SOURCE MATERIAL START
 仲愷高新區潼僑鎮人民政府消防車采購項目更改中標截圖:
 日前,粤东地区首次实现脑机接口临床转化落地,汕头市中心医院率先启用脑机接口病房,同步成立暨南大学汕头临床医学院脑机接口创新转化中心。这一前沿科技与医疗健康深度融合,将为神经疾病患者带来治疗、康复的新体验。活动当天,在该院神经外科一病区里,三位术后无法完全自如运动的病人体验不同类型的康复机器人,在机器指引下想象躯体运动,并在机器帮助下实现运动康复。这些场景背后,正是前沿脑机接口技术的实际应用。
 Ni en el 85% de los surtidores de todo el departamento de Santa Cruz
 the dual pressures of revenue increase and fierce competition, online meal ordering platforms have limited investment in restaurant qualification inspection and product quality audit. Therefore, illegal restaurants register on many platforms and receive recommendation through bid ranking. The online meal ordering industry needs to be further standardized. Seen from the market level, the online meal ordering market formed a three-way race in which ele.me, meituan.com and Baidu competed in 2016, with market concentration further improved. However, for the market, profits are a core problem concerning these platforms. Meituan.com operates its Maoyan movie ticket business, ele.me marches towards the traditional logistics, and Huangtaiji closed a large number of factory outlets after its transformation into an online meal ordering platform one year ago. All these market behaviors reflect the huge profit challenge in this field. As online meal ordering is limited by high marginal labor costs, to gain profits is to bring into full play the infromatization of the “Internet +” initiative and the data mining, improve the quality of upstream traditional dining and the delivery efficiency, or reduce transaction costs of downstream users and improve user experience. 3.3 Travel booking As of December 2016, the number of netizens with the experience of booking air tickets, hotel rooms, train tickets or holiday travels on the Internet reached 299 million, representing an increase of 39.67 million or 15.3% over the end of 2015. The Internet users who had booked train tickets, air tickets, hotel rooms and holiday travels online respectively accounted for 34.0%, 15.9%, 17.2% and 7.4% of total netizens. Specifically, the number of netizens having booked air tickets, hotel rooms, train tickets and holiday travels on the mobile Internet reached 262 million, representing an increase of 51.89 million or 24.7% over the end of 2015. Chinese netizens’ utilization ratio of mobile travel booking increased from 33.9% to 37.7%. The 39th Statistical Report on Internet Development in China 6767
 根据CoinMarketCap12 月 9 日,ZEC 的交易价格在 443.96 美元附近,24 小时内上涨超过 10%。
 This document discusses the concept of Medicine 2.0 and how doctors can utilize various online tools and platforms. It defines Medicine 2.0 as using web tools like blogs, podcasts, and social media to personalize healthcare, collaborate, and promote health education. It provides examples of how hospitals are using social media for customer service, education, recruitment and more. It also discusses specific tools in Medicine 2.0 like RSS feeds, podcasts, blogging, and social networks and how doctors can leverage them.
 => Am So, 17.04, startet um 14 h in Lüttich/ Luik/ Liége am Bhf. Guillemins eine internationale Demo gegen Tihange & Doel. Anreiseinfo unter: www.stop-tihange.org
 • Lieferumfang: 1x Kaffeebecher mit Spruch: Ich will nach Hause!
SOURCE MATERIAL END
SOURCE MATERIAL START
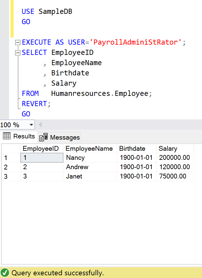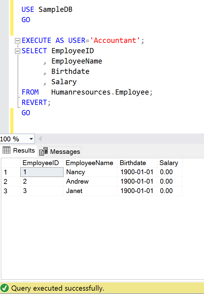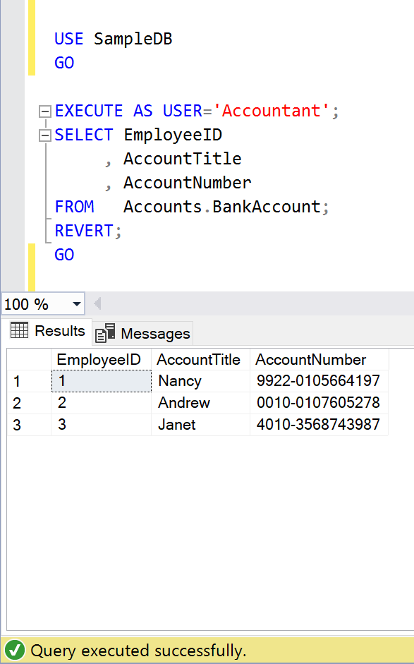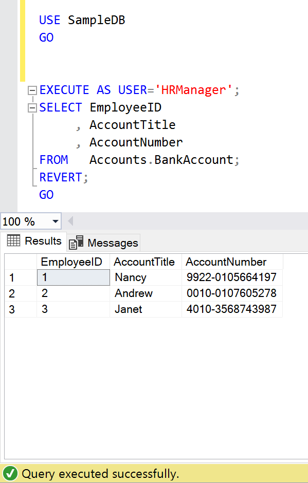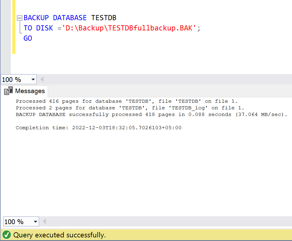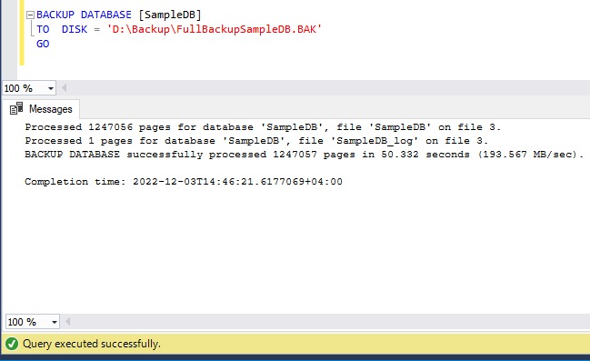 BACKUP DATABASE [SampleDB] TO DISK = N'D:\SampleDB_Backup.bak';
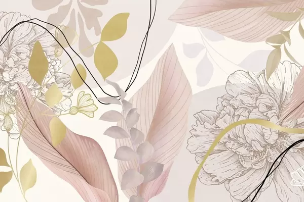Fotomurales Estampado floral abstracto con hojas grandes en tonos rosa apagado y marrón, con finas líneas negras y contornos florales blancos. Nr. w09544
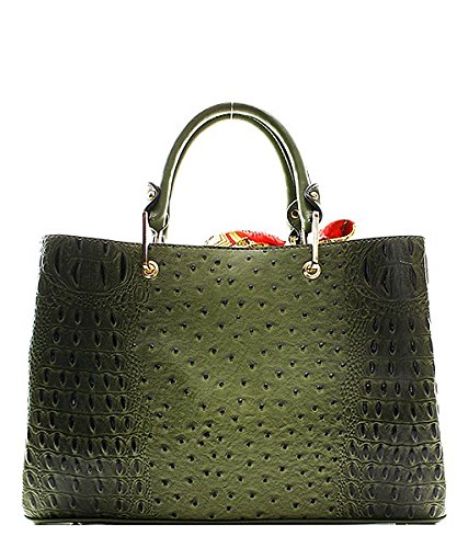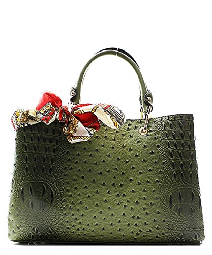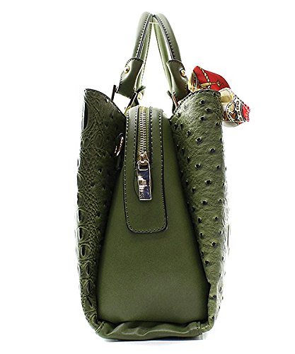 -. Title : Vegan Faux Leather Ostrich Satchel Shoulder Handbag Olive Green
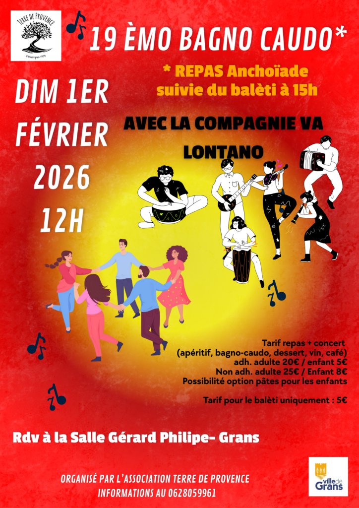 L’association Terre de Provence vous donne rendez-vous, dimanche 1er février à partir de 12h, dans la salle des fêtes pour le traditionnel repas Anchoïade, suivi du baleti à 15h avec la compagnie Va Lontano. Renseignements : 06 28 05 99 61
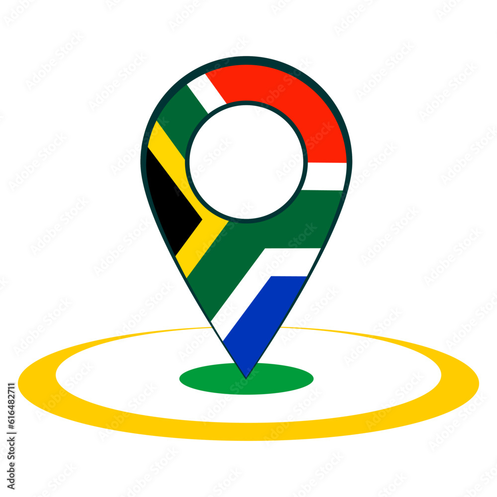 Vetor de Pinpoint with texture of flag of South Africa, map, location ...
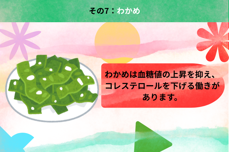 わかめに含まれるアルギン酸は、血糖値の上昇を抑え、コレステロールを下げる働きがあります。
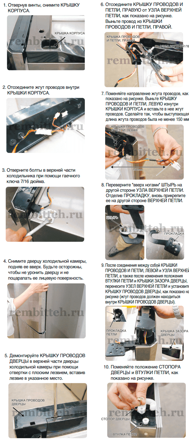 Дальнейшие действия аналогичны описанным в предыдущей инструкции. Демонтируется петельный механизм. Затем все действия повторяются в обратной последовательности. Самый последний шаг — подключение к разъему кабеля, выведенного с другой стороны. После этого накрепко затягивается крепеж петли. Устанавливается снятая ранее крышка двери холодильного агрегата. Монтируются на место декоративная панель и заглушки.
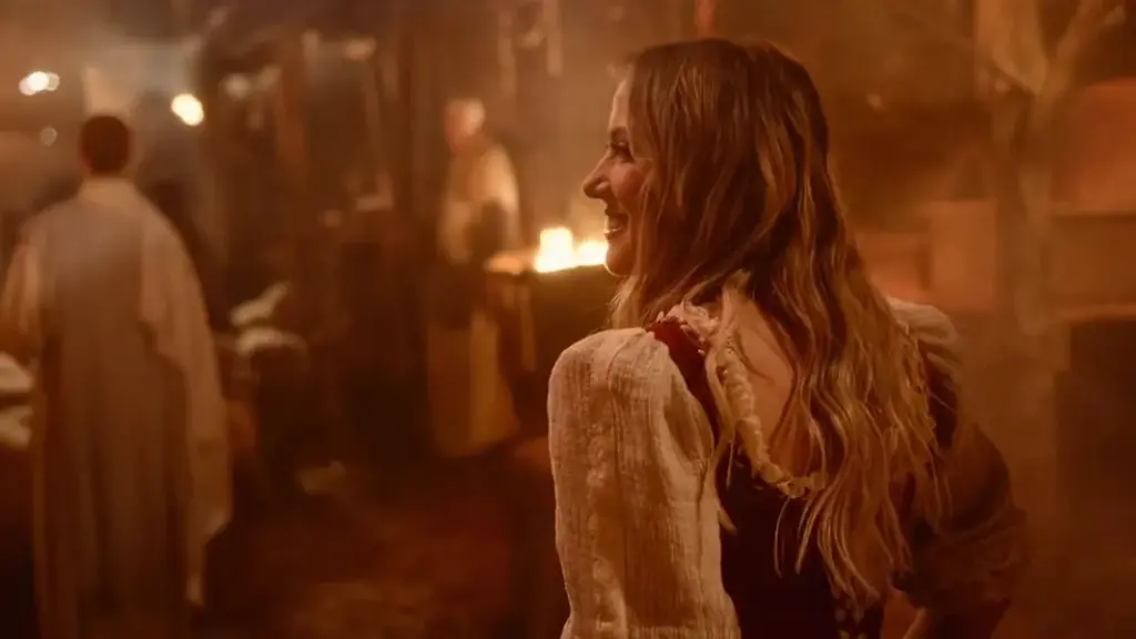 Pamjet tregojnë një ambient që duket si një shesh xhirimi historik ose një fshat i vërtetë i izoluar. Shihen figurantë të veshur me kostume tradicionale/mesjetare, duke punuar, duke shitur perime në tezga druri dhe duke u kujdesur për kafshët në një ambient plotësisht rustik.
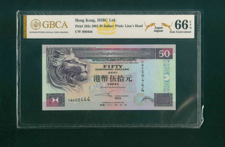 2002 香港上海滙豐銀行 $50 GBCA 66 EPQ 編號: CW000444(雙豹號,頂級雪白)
SOURCE MATERIAL END
SOURCE MATERIAL START
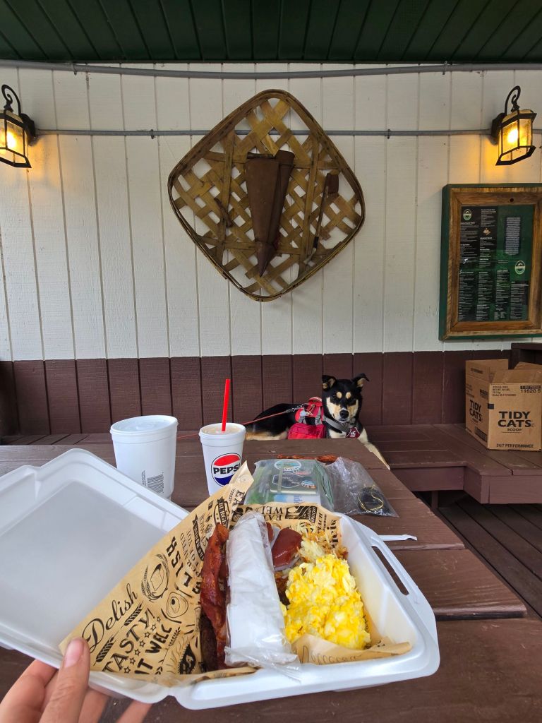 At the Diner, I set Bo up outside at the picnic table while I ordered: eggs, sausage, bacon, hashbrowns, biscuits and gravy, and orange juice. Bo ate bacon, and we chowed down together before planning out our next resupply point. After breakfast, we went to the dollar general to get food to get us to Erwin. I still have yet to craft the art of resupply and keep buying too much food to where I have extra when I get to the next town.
SOURCE MATERIAL END
→ EXERCISE DETAILS
Reproduce, word for word, everything in the listing above from the line containing "Vetor de Pinpoint" down to the line containing "Pamjet tregojnë një", both of them included. No pictures.

→ ANSWER TO THE EXERCISE
 Vetor de Pinpoint with texture of flag of South Africa, map, location ...
 わかめに含まれるアルギン酸は、血糖値の上昇を抑え、コレステロールを下げる働きがあります。
 Дальнейшие действия аналогичны описанным в предыдущей инструкции. Демонтируется петельный механизм. Затем все действия повторяются в обратной последовательности. Самый последний шаг — подключение к разъему кабеля, выведенного с другой стороны. После этого накрепко затягивается крепеж петли. Устанавливается снятая ранее крышка двери холодильного агрегата. Монтируются на место декоративная панель и заглушки.
 Pamjet tregojnë një ambient që duket si një shesh xhirimi historik ose një fshat i vërtetë i izoluar. Shihen figurantë të veshur me kostume tradicionale/mesjetare, duke punuar, duke shitur perime në tezga druri dhe duke u kujdesur për kafshët në një ambient plotësisht rustik.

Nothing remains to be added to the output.